### Given material

....................

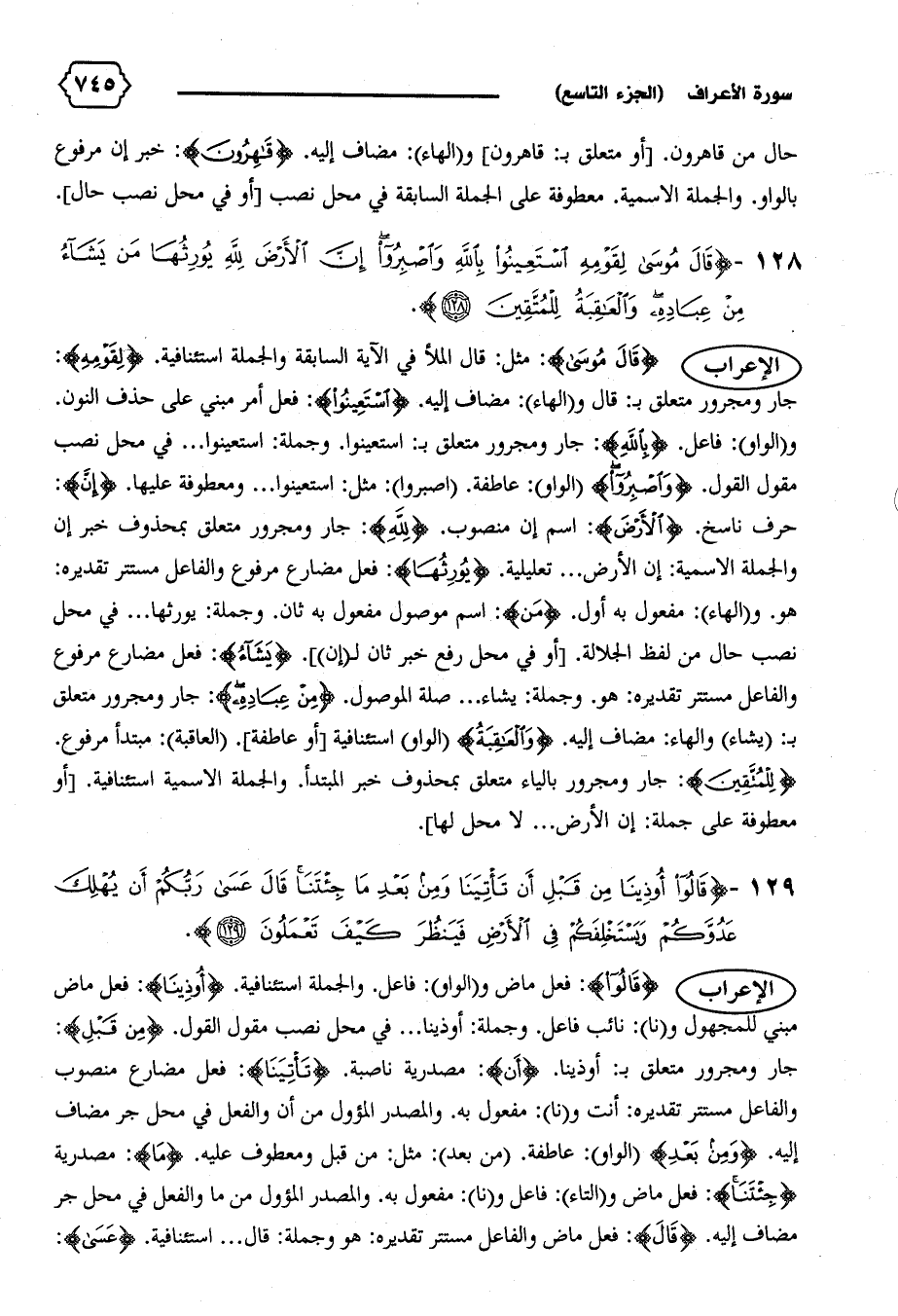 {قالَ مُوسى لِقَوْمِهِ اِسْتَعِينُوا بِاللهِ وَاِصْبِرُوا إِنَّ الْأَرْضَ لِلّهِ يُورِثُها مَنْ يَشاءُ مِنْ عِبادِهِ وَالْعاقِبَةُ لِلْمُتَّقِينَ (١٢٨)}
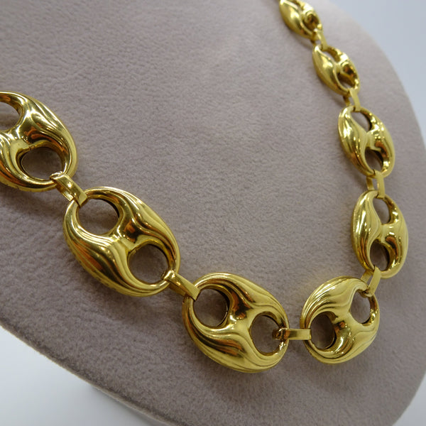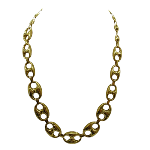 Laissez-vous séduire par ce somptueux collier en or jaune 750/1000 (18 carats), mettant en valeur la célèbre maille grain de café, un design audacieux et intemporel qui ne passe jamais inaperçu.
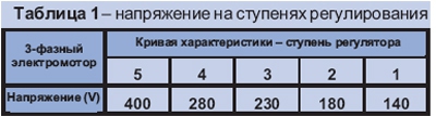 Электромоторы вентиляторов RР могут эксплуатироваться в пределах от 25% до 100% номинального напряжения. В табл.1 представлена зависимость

....................

### Task description
The output consists of exactly the lines from the one containing "Laissez-vous séduire par" through the last line of the listing, both included, with no pictures.

### Task output
 Laissez-vous séduire par ce somptueux collier en or jaune 750/1000 (18 carats), mettant en valeur la célèbre maille grain de café, un design audacieux et intemporel qui ne passe jamais inaperçu.
 Электромоторы вентиляторов RР могут эксплуатироваться в пределах от 25% до 100% номинального напряжения. В табл.1 представлена зависимость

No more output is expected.